*** Opening of GIVEN DATA ***

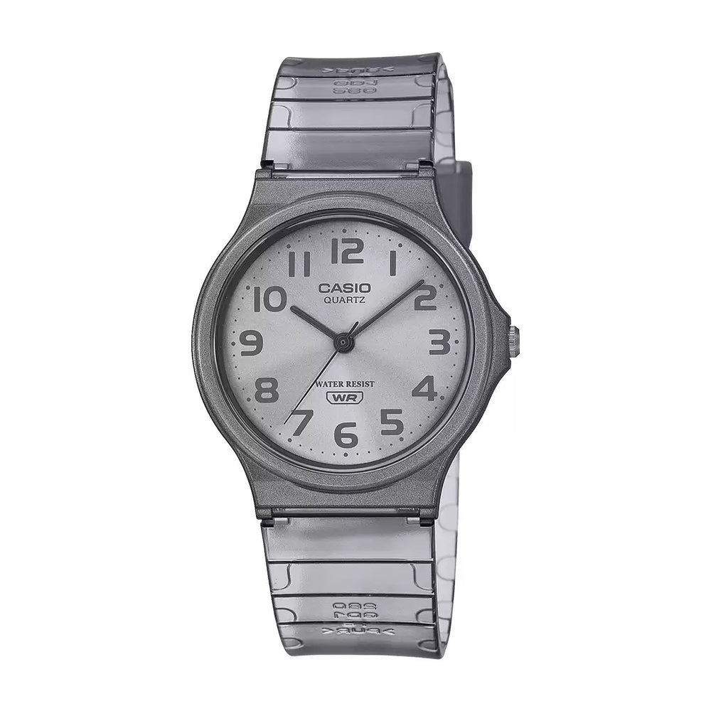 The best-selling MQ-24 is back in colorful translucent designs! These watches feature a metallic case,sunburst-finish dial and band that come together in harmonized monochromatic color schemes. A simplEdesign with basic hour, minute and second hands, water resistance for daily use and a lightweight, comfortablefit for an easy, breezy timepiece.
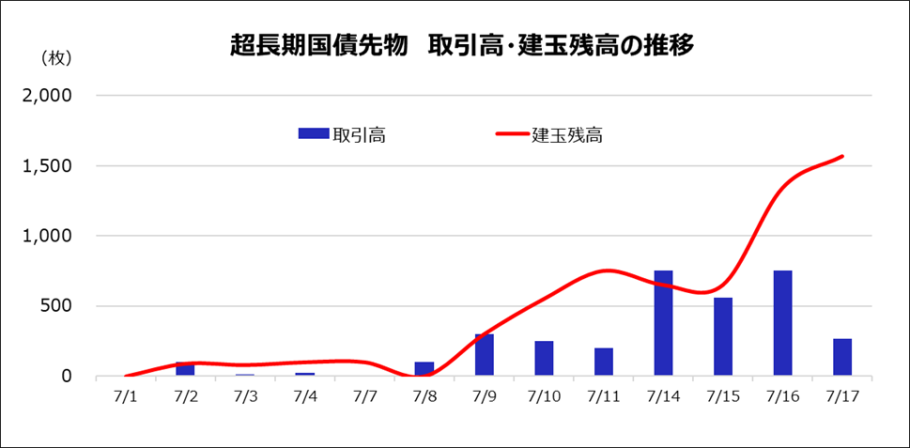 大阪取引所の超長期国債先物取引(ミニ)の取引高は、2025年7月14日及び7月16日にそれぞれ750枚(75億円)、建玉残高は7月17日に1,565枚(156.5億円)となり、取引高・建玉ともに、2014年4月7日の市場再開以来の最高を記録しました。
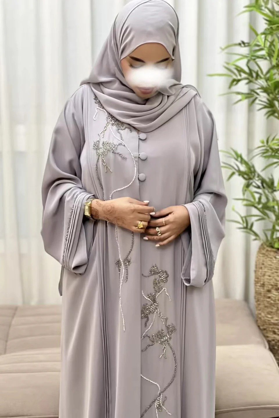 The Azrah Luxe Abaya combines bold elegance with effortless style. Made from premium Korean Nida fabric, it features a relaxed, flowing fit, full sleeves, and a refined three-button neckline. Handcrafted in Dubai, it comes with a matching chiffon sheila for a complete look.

*** Close of GIVEN DATA ***

ASSIGNMENT: What is needed is a word-for-word copy of the data, minus its pictures.

REPLY:
 The best-selling MQ-24 is back in colorful translucent designs! These watches feature a metallic case,sunburst-finish dial and band that come together in harmonized monochromatic color schemes. A simplEdesign with basic hour, minute and second hands, water resistance for daily use and a lightweight, comfortablefit for an easy, breezy timepiece.
 大阪取引所の超長期国債先物取引(ミニ)の取引高は、2025年7月14日及び7月16日にそれぞれ750枚(75億円)、建玉残高は7月17日に1,565枚(156.5億円)となり、取引高・建玉ともに、2014年4月7日の市場再開以来の最高を記録しました。
 The Azrah Luxe Abaya combines bold elegance with effortless style. Made from premium Korean Nida fabric, it features a relaxed, flowing fit, full sleeves, and a refined three-button neckline. Handcrafted in Dubai, it comes with a matching chiffon sheila for a complete look.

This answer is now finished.